Durante el conflicto de febrero, según numerosos analistas con acceso a grabaciones en línea, los iraníes lograron infligir graves daños a bases estadounidenses e Israel. Naturalmente, las democracias, los pilares de periódicos como Corriere della Sera e Il Foglio , no han filtrado ninguna noticia al respecto. La propaganda israelí domina los medios; como hemos visto, incluso determina los resultados del Festival de Eurovisión. El régimen criminal de Netanyahu, tras el genocidio en Gaza, los crímenes terroristas contra los líderes libaneses e iraníes, la violencia racista en Cisjordania y la devastación del sur del Líbano y Gaza, involucrará a Washington en una nueva guerra de exterminio contra Irán, con un daño inimaginable para la economía global. Los países europeos se encuentran paralizados, emitiendo declaraciones ridículas e imponiendo sanciones criminales a la víctima: Irán. Rusia, China y los BRICS hacen lo que pueden —poco— evitando la confrontación directa con Occidente y manteniendo el listón muy alto únicamente por sus propios intereses nacionales. Nadie parece detener al criminal Netanyahu, quien necesita una guerra permanente para sobrevivir políticamente. Se dice que sus planes, respaldados por el lobby estadounidense-israelí, cuentan con el apoyo de Trump y, en esencia, del Congreso. Las finanzas y la industria armamentística tienen mucho que ganar. ¿Qué importa si se trata de un genocidio o no?

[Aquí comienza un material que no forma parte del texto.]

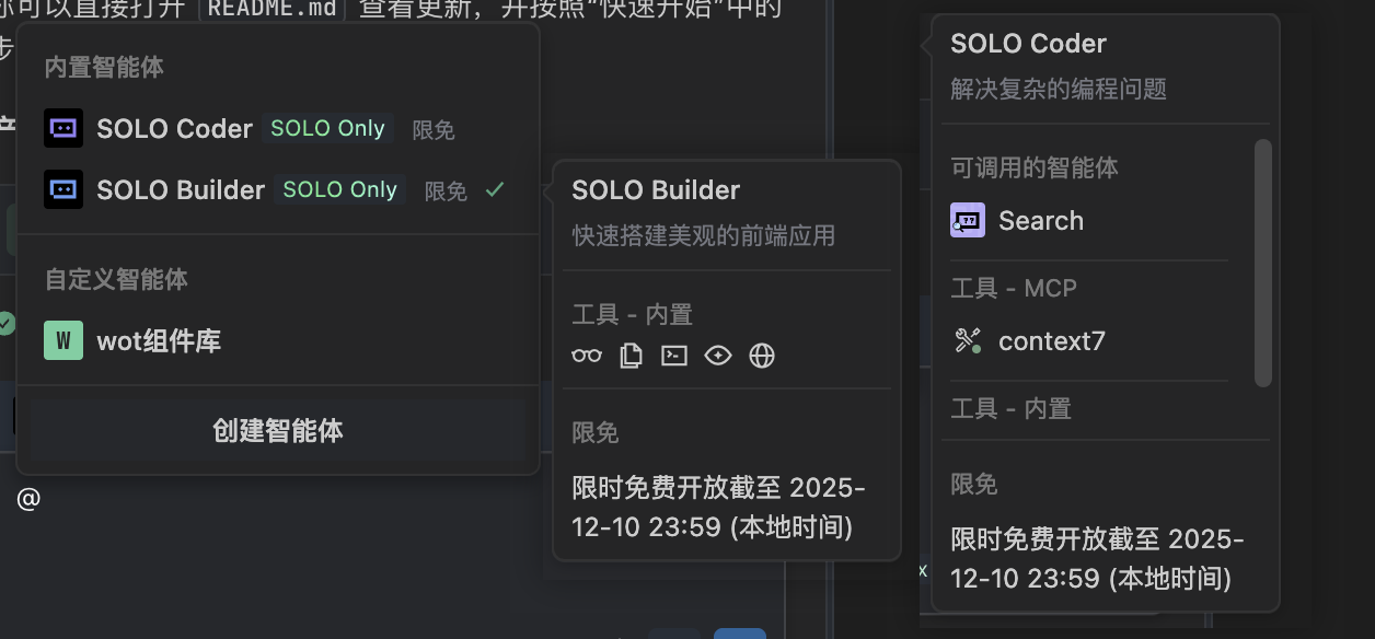 需要注意的是,我们在使用“集成”功能时,最好切换到 SOLO Builder 模式,因为在这个模式下才有“集成”功能,下图是 SOLO Coder 和 SOLO Builder 的区别:

¿Dónde se han refugiado las defensoras de los derechos de las mujeres, aquellas que protestaron contra el código de vestimenta obligatorio en una república islámica (ignorando los derechos de las mujeres saudíes y del Golfo)? ¿Acaso nadie quiere proteger a las niñas y a las mujeres de la nueva agresión anunciada? ¿Acaso las feministas, convertidas en iconos del orden liberal, no tienen nada que decir en caso de una nueva masacre de niñas iraníes? De hecho, crecen y visten el chador, del mismo modo que los niños de Gaza se convierten en terroristas: ¿es mejor eliminarlos?